When he used Arash's crimson bow, pairing it with physical arrows hit harder than pure mana shots. Stocking some real arrows wasn't a bad idea.

He asked the smith about buying some. The owner said that arrows were mostly custom work; not much was pre-made.

The owner brought a few samples. Shane checked them—shaft straightness, head forging, fletching fit—and was left unsatisfied.

He thought a moment. "Could you bring me some long iron billets—rough stock?"

The jump in his request was odd, and the owner raised a brow at using billets for arrows, but fetched the materials anyway.

Shane only had an idea—and not the wallet for a big buy—so he kept it small: nine sets of billets.

He paid and carried the lot back to his room.

Door closed, he switched to the Archer class without delay.

Then, guided by [Arrowcraft] instinct, he took a set of billets and fed mana into every part, shaping it.

Under the flow of mana, the iron warped and settled into a slender, gleaming length of metal.

But it looked less like an arrow and more like some unusual sword.

"As I thought!" Shane's eyes lit. "As long as I define it as an 'arrow,' the process works."
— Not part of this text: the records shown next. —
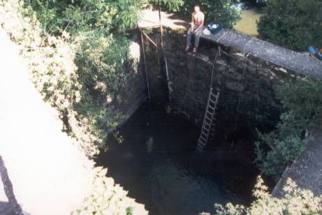 Da sich der Tag nun schon wieder dem Ende neigte, blieb für einen Aklimatisierungstauchgang die nur wenige Kilometer entfernte "RESSEL" übrig. Voll freudiger Erwartung ging es zum Flüsschen Céle hinunter, dann flösselnd ein Stück im Fluss entlang bis an den Eingang. Ich erwartete nach den Erfahrungen vom letzten Jahr wenigstens 15m Sicht. Leider waren die Bedingungen dann nicht ganz so toll wie erhofft! Aufgrund schlechter Sicht fanden wir den Eingang im Flussbett nicht sofort. Als er dann zum Vorschein kam, veränderte sich an der schlechten Wasserqualität rein gar nichts! Beim Hineingleiten schwand die Hoffnung zusehends, einige Meter tiefer in der Höhle bessere Bedingungen vorzufinden. Sebastian schwamm vor mir her und doch waren nur seine Flossenspitzen erkennbar, obwohl er kaum mehr als 1m entfernt war. Nach gut 250m gab ich das Umkehrzeichen, denn es hatte wenig Sinn, weiterzutauchen. Zurück im Fluss mimte ich betretene Miene. Soviele angewandte Überredungskünste und dann das!!! Es sollte noch schlimmer kommen! Beim Ausziehen des Trocki´s hatte mein Freund plötzlich einen Teil seiner Halsmanschette an der Kopfhaube! Sie hatte sich regelrecht zersetzt (vermutlich durch Öl o. Benzin des Kompressors?!). Der Tag war gelaufen. Den Abend nutzten wir zur Reparatur des Trocki´s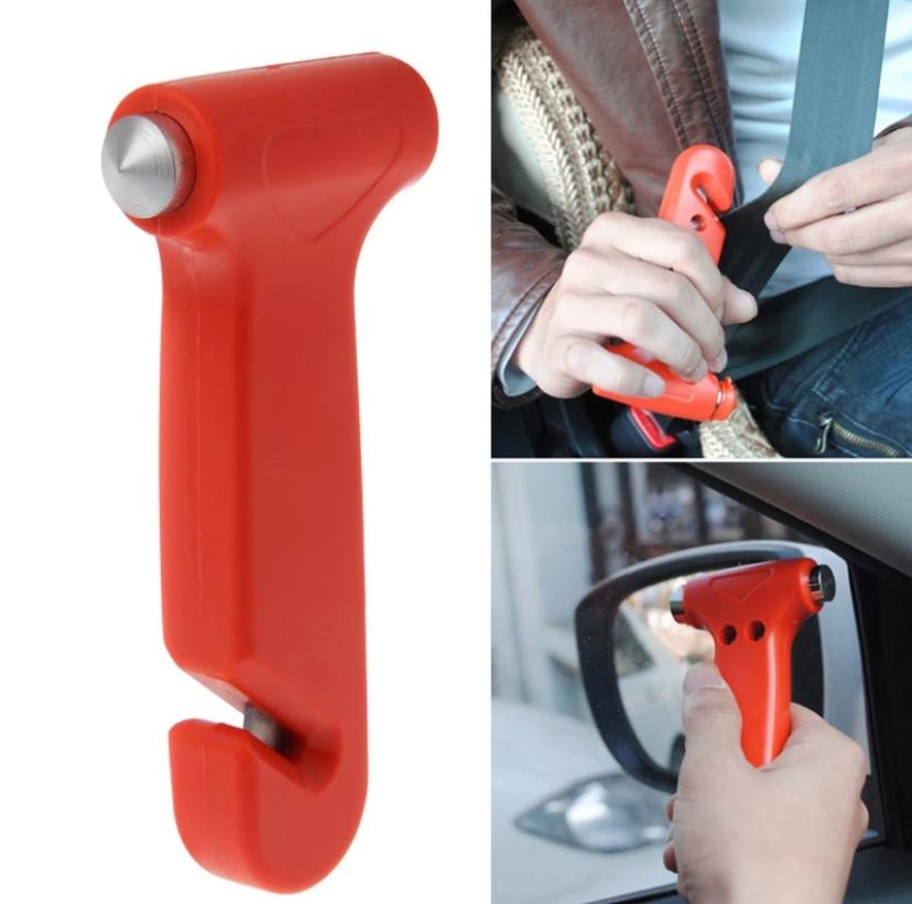 Небольшой и компактный безопасный молоток, которым при необходимости можно разбить боковое стекло автомобиля или отрезать застрявший ремень безопасности.
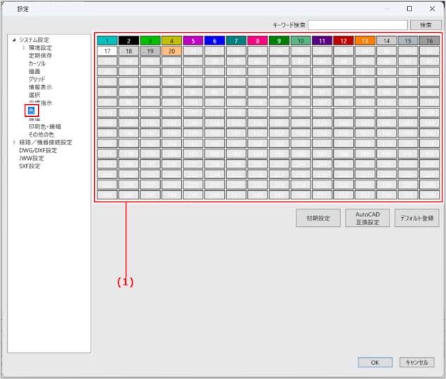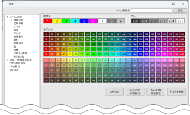 図面作成に使用する色を色番号に割り当てて設定します。色の設定には、FILDER SiXタイプとAutoCADタイプの2種類があります。

After the buzz, though, he turned the "rapier" in hand and frowned—something was still off.

An idea flashed; he switched back to Saber.

With Saber's "weapon master" intuition open, he immediately saw dozens of tiny flaws he'd missed.

Add spiral grooves to bite the air; hollow the body a bit to lighten and improve control.

He kept swapping classes—using Archer to pull and shape, and Saber to critique and refine—worrying over nine arrows without end.

He fell into it completely, the world shrinking to the weapons forming under his hands.

When the ninth arrow was finished, dusk had deepened; orange-red light poured into the room.

Shane laid the nine "arrows" in a row and studied them.

Smooth lines; hidden edges; elegant spirals winding the shafts. They looked like ceremonial rapiers crafted by nobles—beauty mixed with bite.

He nodded, satisfied. "Still feels like something's missing—but… this is my limit for now."